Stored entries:
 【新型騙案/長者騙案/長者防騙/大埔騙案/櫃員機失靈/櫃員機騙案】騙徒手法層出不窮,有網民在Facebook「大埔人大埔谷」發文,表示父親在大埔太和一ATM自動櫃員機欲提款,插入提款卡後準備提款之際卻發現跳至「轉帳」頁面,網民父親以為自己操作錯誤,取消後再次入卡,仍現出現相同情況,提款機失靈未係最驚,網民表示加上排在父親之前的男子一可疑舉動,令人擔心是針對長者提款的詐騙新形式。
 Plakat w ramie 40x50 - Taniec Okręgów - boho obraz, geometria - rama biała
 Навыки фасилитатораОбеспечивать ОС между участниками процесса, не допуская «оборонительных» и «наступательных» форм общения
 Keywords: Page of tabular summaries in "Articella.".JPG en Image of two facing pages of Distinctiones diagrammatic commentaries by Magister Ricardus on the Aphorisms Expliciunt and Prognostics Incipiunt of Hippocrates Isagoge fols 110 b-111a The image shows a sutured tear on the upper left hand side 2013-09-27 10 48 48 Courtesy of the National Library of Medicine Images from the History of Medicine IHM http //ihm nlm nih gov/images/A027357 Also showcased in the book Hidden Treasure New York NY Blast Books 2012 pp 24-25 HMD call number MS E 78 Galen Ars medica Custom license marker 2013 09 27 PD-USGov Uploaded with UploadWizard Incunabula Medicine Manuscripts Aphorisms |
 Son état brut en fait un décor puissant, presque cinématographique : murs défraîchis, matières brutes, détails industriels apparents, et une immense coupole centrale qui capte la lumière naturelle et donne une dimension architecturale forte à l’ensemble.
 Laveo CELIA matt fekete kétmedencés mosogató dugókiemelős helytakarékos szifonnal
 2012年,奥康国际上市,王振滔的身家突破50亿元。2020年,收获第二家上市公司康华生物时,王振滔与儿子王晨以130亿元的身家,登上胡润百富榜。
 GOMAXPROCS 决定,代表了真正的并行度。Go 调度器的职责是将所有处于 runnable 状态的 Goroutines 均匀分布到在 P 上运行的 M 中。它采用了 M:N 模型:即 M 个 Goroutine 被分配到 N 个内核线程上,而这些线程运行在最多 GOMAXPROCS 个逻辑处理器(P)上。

** PROBLEM **
Please output each record exactly as it appears above.

** EXPECTED ANSWER **
 【新型騙案/長者騙案/長者防騙/大埔騙案/櫃員機失靈/櫃員機騙案】騙徒手法層出不窮,有網民在Facebook「大埔人大埔谷」發文,表示父親在大埔太和一ATM自動櫃員機欲提款,插入提款卡後準備提款之際卻發現跳至「轉帳」頁面,網民父親以為自己操作錯誤,取消後再次入卡,仍現出現相同情況,提款機失靈未係最驚,網民表示加上排在父親之前的男子一可疑舉動,令人擔心是針對長者提款的詐騙新形式。
 Plakat w ramie 40x50 - Taniec Okręgów - boho obraz, geometria - rama biała
 Навыки фасилитатораОбеспечивать ОС между участниками процесса, не допуская «оборонительных» и «наступательных» форм общения
 Keywords: Page of tabular summaries in "Articella.".JPG en Image of two facing pages of Distinctiones diagrammatic commentaries by Magister Ricardus on the Aphorisms Expliciunt and Prognostics Incipiunt of Hippocrates Isagoge fols 110 b-111a The image shows a sutured tear on the upper left hand side 2013-09-27 10 48 48 Courtesy of the National Library of Medicine Images from the History of Medicine IHM http //ihm nlm nih gov/images/A027357 Also showcased in the book Hidden Treasure New York NY Blast Books 2012 pp 24-25 HMD call number MS E 78 Galen Ars medica Custom license marker 2013 09 27 PD-USGov Uploaded with UploadWizard Incunabula Medicine Manuscripts Aphorisms |
 Son état brut en fait un décor puissant, presque cinématographique : murs défraîchis, matières brutes, détails industriels apparents, et une immense coupole centrale qui capte la lumière naturelle et donne une dimension architecturale forte à l’ensemble.
 Laveo CELIA matt fekete kétmedencés mosogató dugókiemelős helytakarékos szifonnal
 2012年,奥康国际上市,王振滔的身家突破50亿元。2020年,收获第二家上市公司康华生物时,王振滔与儿子王晨以130亿元的身家,登上胡润百富榜。
 GOMAXPROCS 决定,代表了真正的并行度。Go 调度器的职责是将所有处于 runnable 状态的 Goroutines 均匀分布到在 P 上运行的 M 中。它采用了 M:N 模型:即 M 个 Goroutine 被分配到 N 个内核线程上,而这些线程运行在最多 GOMAXPROCS 个逻辑处理器(P)上。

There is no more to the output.